- [Problem requirements] Although the listing below holds pictures, reproduce only its lines from the one containing "Man kann also" through the last, exactly and without them.

- [Raw data]
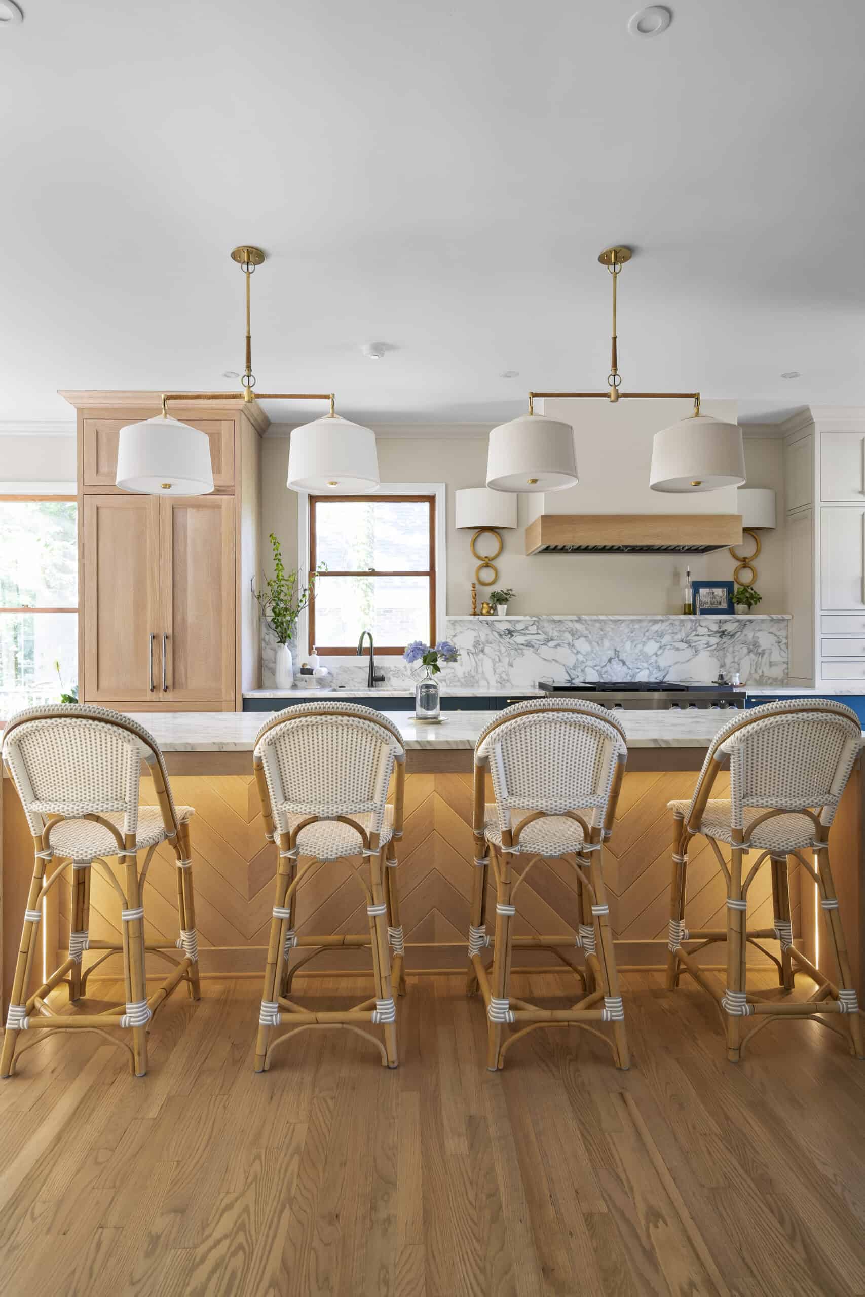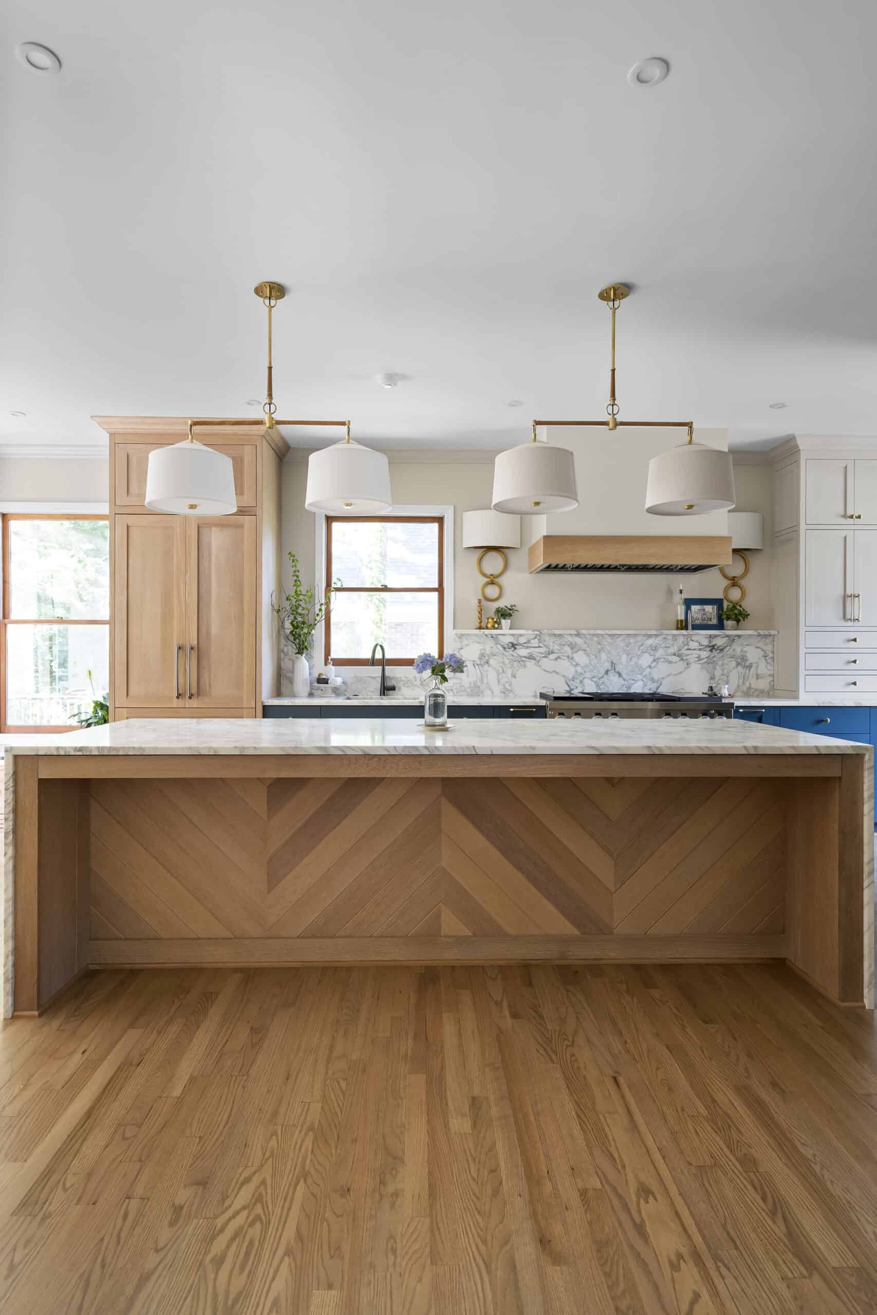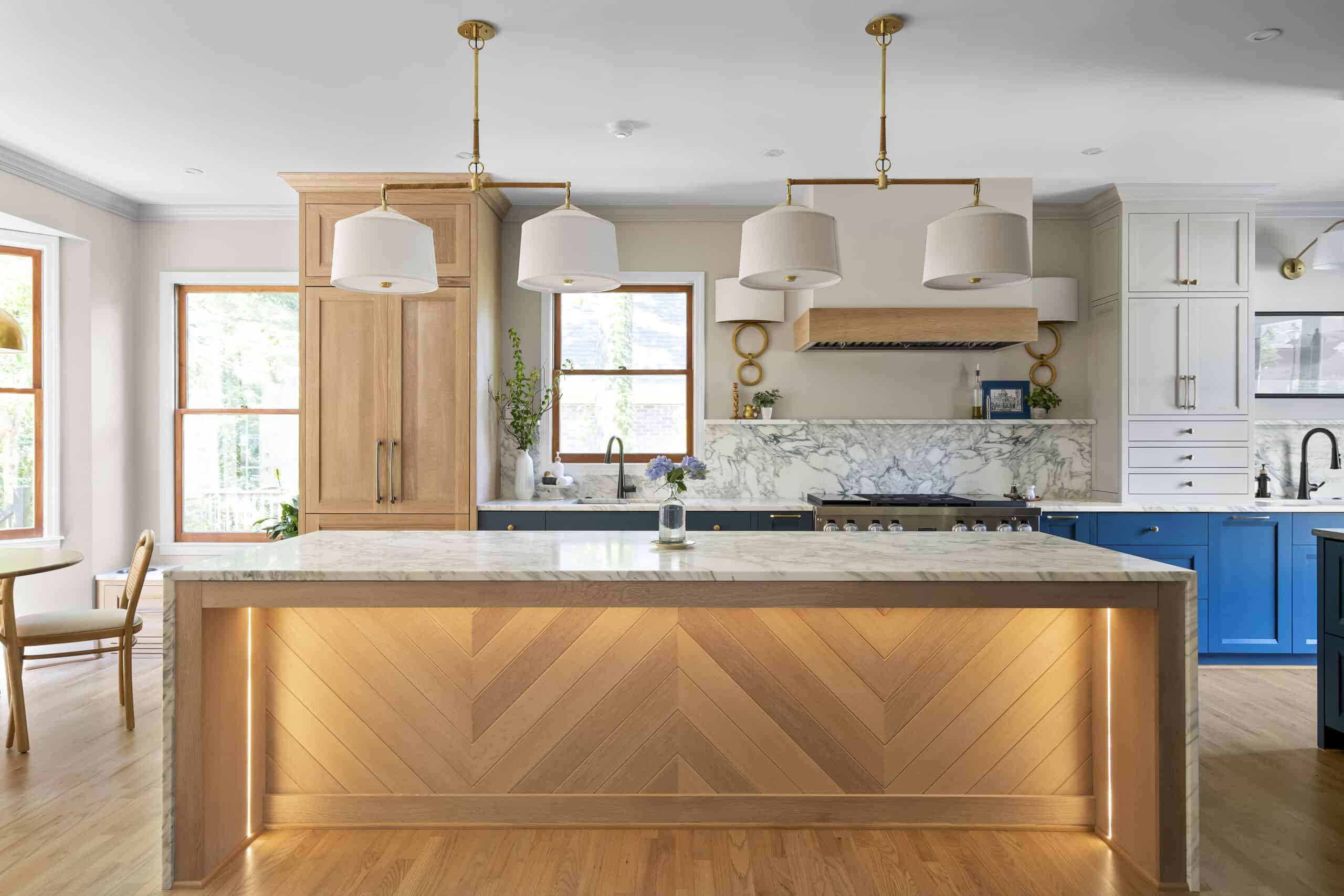 Front and center, an oversized kitchen island with natural white oak veneer, unexpected chevron detailing, integrated LED lighting, and an authentic Carrara marble counter with dramatic waterfall ends sets the stage for inviting and memorable gatherings and celebrations. The expansive 9½-foot island is uninterrupted by a sink or other obstruction, making it versatile and exceptionally functional — a defining feature in award-winning kitchen design.
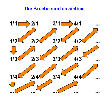 Man kann also alle Brüche in einer unendlich langen Liste aufführen und sie durchnummerieren: \begin{equation} \frac{1}{1}, \frac{2}{1}, \frac{1}{2}, \frac{1}{3}, \frac{2}{2}, \frac{3}{1}, \frac{4}{1}, \frac{3}{2}, \frac{2}{3}, \frac{1}{4} , ... \end{equation} (doppelte wie 1 und 2/2 etc. müsste man hier noch streichen). Die Menge der rationalen Zahlen ist also gleich mächtig wie die Menge der natürlichen Zahlen, obwohl die rationalen Zahlen dicht auf dem Zahlenstrahl liegen (d.h. in beliebig kleinen Intervallen auf dem Zahlenstrahl liegen immer unendlich viele rationale Zahlen).
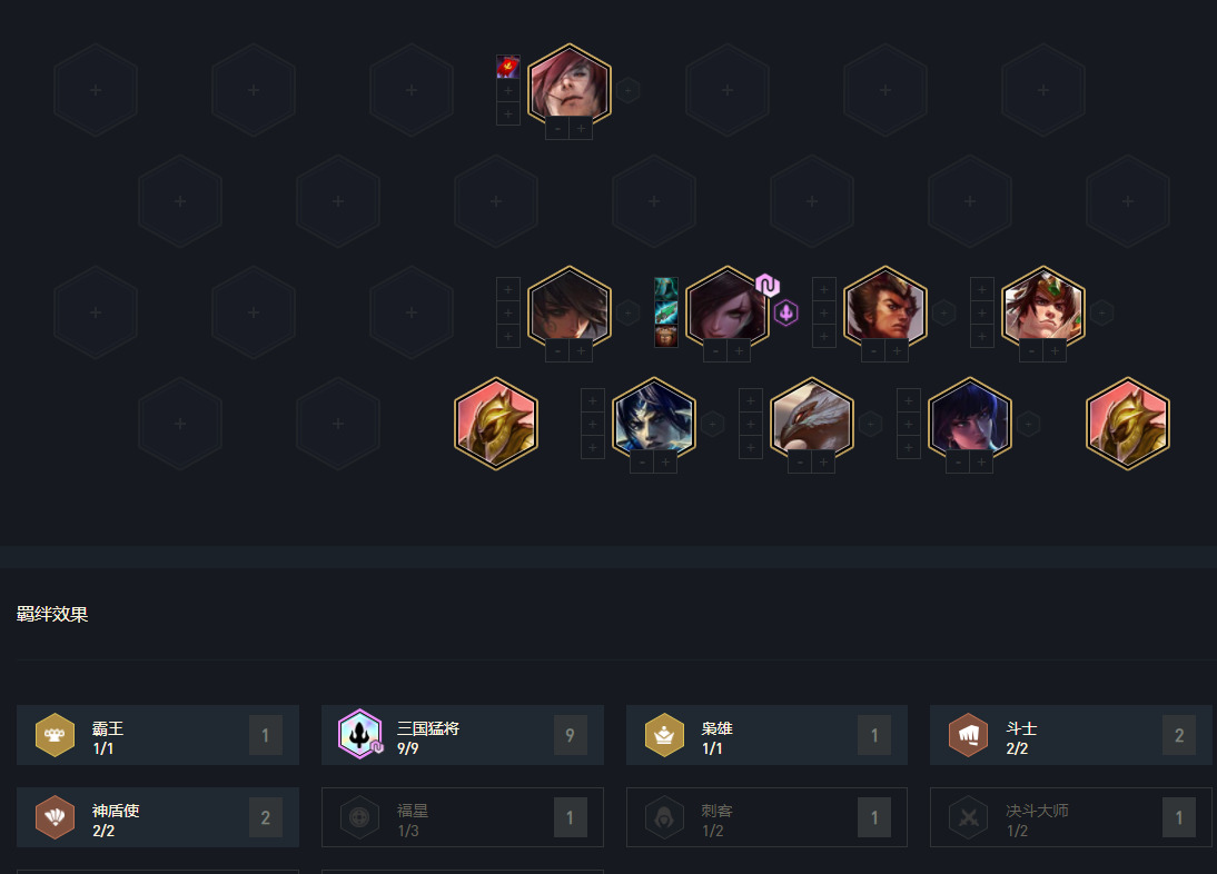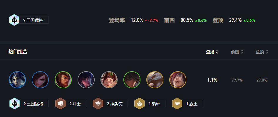 上图为9三国统计数据,这里面还有别的思路三国的玩法,但阵容成型后强度超高。
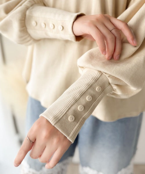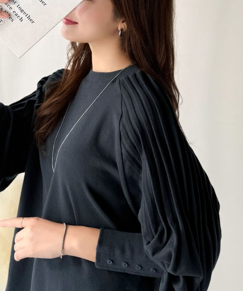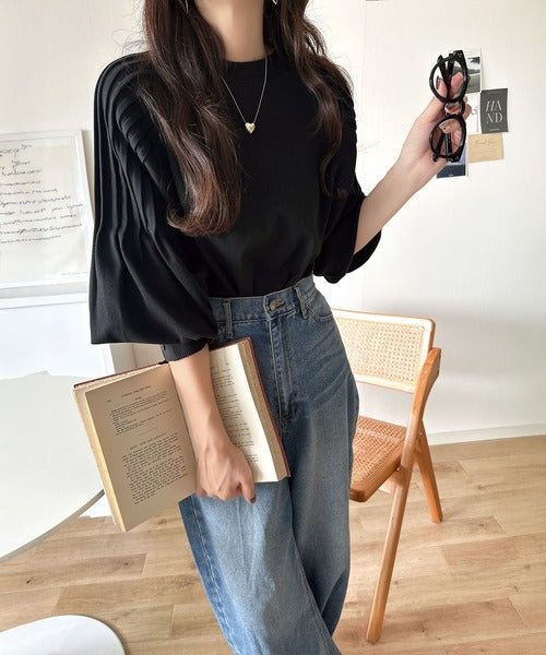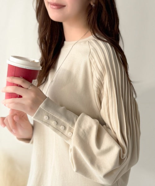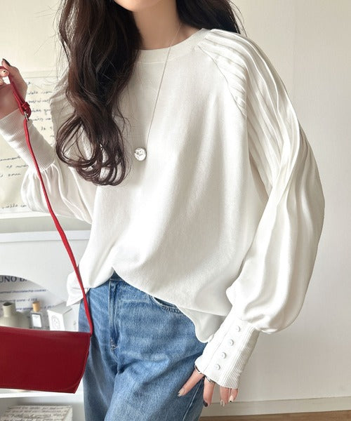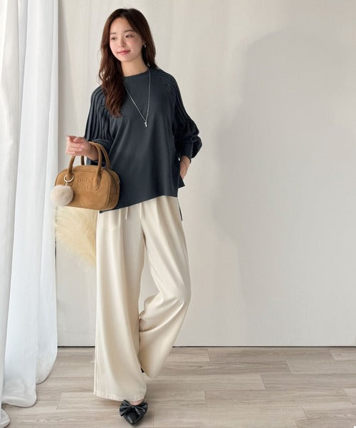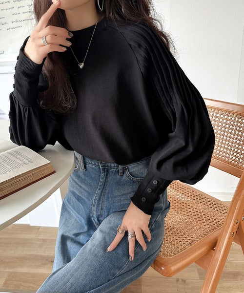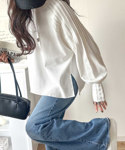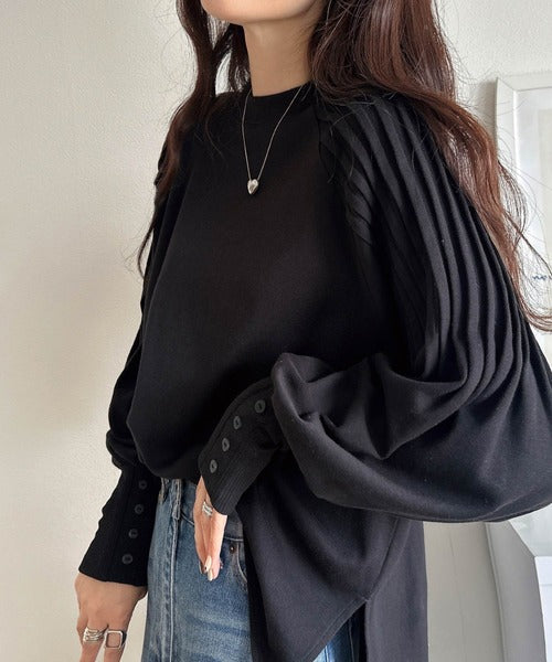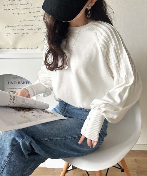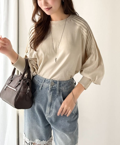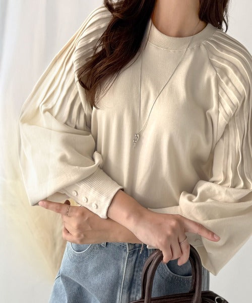 タックの入ったバルーンスリーブが特徴的なロングリブスリーブカットソー。

- [Response]
 Man kann also alle Brüche in einer unendlich langen Liste aufführen und sie durchnummerieren: \begin{equation} \frac{1}{1}, \frac{2}{1}, \frac{1}{2}, \frac{1}{3}, \frac{2}{2}, \frac{3}{1}, \frac{4}{1}, \frac{3}{2}, \frac{2}{3}, \frac{1}{4} , ... \end{equation} (doppelte wie 1 und 2/2 etc. müsste man hier noch streichen). Die Menge der rationalen Zahlen ist also gleich mächtig wie die Menge der natürlichen Zahlen, obwohl die rationalen Zahlen dicht auf dem Zahlenstrahl liegen (d.h. in beliebig kleinen Intervallen auf dem Zahlenstrahl liegen immer unendlich viele rationale Zahlen).
 上图为9三国统计数据,这里面还有别的思路三国的玩法,但阵容成型后强度超高。
 タックの入ったバルーンスリーブが特徴的なロングリブスリーブカットソー。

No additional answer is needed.